> _Records for processing_
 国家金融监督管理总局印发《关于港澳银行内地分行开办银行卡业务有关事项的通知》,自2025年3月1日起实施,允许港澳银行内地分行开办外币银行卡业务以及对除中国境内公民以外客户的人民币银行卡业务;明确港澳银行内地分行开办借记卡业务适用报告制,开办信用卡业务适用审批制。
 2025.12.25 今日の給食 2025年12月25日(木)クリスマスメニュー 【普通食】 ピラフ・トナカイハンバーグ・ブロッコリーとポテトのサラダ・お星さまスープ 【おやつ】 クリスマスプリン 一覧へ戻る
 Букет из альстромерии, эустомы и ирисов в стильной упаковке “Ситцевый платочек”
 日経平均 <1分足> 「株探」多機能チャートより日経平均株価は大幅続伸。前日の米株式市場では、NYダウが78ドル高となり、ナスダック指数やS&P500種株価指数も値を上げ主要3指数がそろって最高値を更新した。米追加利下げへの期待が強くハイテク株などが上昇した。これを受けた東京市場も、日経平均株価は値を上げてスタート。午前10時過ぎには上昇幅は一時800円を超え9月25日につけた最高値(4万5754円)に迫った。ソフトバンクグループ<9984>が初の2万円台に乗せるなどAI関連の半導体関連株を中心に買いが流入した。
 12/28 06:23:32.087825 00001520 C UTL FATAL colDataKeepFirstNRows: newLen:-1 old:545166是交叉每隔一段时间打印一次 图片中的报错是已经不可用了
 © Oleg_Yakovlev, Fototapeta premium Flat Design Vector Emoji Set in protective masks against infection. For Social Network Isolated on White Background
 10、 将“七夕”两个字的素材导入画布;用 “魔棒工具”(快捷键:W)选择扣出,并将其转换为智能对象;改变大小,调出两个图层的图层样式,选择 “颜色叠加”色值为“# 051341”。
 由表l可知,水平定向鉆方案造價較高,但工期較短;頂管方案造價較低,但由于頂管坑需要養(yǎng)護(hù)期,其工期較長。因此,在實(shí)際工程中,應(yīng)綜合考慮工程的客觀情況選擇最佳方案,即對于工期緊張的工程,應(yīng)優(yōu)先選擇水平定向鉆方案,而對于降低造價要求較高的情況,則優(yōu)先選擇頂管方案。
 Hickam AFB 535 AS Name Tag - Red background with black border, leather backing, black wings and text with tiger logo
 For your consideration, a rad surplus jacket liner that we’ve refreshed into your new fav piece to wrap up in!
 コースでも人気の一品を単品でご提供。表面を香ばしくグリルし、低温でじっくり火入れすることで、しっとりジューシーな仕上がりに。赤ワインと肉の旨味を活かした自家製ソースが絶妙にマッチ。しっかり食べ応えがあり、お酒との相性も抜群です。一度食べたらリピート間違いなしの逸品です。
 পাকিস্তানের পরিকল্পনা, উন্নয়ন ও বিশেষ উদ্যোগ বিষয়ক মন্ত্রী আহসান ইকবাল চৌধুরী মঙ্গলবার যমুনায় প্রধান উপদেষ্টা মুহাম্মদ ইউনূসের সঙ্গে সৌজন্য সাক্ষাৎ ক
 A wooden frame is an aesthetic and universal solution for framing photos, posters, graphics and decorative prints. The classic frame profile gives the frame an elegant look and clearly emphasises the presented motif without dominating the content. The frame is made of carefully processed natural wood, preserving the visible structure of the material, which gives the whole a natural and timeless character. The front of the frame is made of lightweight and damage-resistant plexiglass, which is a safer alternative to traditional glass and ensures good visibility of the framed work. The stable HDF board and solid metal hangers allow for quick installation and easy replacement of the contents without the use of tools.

> _Work required_
Nothing but an exact repetition of the entries is expected here.

> _Response area_
 国家金融监督管理总局印发《关于港澳银行内地分行开办银行卡业务有关事项的通知》,自2025年3月1日起实施,允许港澳银行内地分行开办外币银行卡业务以及对除中国境内公民以外客户的人民币银行卡业务;明确港澳银行内地分行开办借记卡业务适用报告制,开办信用卡业务适用审批制。
 2025.12.25 今日の給食 2025年12月25日(木)クリスマスメニュー 【普通食】 ピラフ・トナカイハンバーグ・ブロッコリーとポテトのサラダ・お星さまスープ 【おやつ】 クリスマスプリン 一覧へ戻る
 Букет из альстромерии, эустомы и ирисов в стильной упаковке “Ситцевый платочек”
 日経平均 <1分足> 「株探」多機能チャートより日経平均株価は大幅続伸。前日の米株式市場では、NYダウが78ドル高となり、ナスダック指数やS&P500種株価指数も値を上げ主要3指数がそろって最高値を更新した。米追加利下げへの期待が強くハイテク株などが上昇した。これを受けた東京市場も、日経平均株価は値を上げてスタート。午前10時過ぎには上昇幅は一時800円を超え9月25日につけた最高値(4万5754円)に迫った。ソフトバンクグループ<9984>が初の2万円台に乗せるなどAI関連の半導体関連株を中心に買いが流入した。
 12/28 06:23:32.087825 00001520 C UTL FATAL colDataKeepFirstNRows: newLen:-1 old:545166是交叉每隔一段时间打印一次 图片中的报错是已经不可用了
 © Oleg_Yakovlev, Fototapeta premium Flat Design Vector Emoji Set in protective masks against infection. For Social Network Isolated on White Background
 10、 将“七夕”两个字的素材导入画布;用 “魔棒工具”(快捷键:W)选择扣出,并将其转换为智能对象;改变大小,调出两个图层的图层样式,选择 “颜色叠加”色值为“# 051341”。
 由表l可知,水平定向鉆方案造價較高,但工期較短;頂管方案造價較低,但由于頂管坑需要養(yǎng)護(hù)期,其工期較長。因此,在實(shí)際工程中,應(yīng)綜合考慮工程的客觀情況選擇最佳方案,即對于工期緊張的工程,應(yīng)優(yōu)先選擇水平定向鉆方案,而對于降低造價要求較高的情況,則優(yōu)先選擇頂管方案。
 Hickam AFB 535 AS Name Tag - Red background with black border, leather backing, black wings and text with tiger logo
 For your consideration, a rad surplus jacket liner that we’ve refreshed into your new fav piece to wrap up in!
 コースでも人気の一品を単品でご提供。表面を香ばしくグリルし、低温でじっくり火入れすることで、しっとりジューシーな仕上がりに。赤ワインと肉の旨味を活かした自家製ソースが絶妙にマッチ。しっかり食べ応えがあり、お酒との相性も抜群です。一度食べたらリピート間違いなしの逸品です。
 পাকিস্তানের পরিকল্পনা, উন্নয়ন ও বিশেষ উদ্যোগ বিষয়ক মন্ত্রী আহসান ইকবাল চৌধুরী মঙ্গলবার যমুনায় প্রধান উপদেষ্টা মুহাম্মদ ইউনূসের সঙ্গে সৌজন্য সাক্ষাৎ ক
 A wooden frame is an aesthetic and universal solution for framing photos, posters, graphics and decorative prints. The classic frame profile gives the frame an elegant look and clearly emphasises the presented motif without dominating the content. The frame is made of carefully processed natural wood, preserving the visible structure of the material, which gives the whole a natural and timeless character. The front of the frame is made of lightweight and damage-resistant plexiglass, which is a safer alternative to traditional glass and ensures good visibility of the framed work. The stable HDF board and solid metal hangers allow for quick installation and easy replacement of the contents without the use of tools.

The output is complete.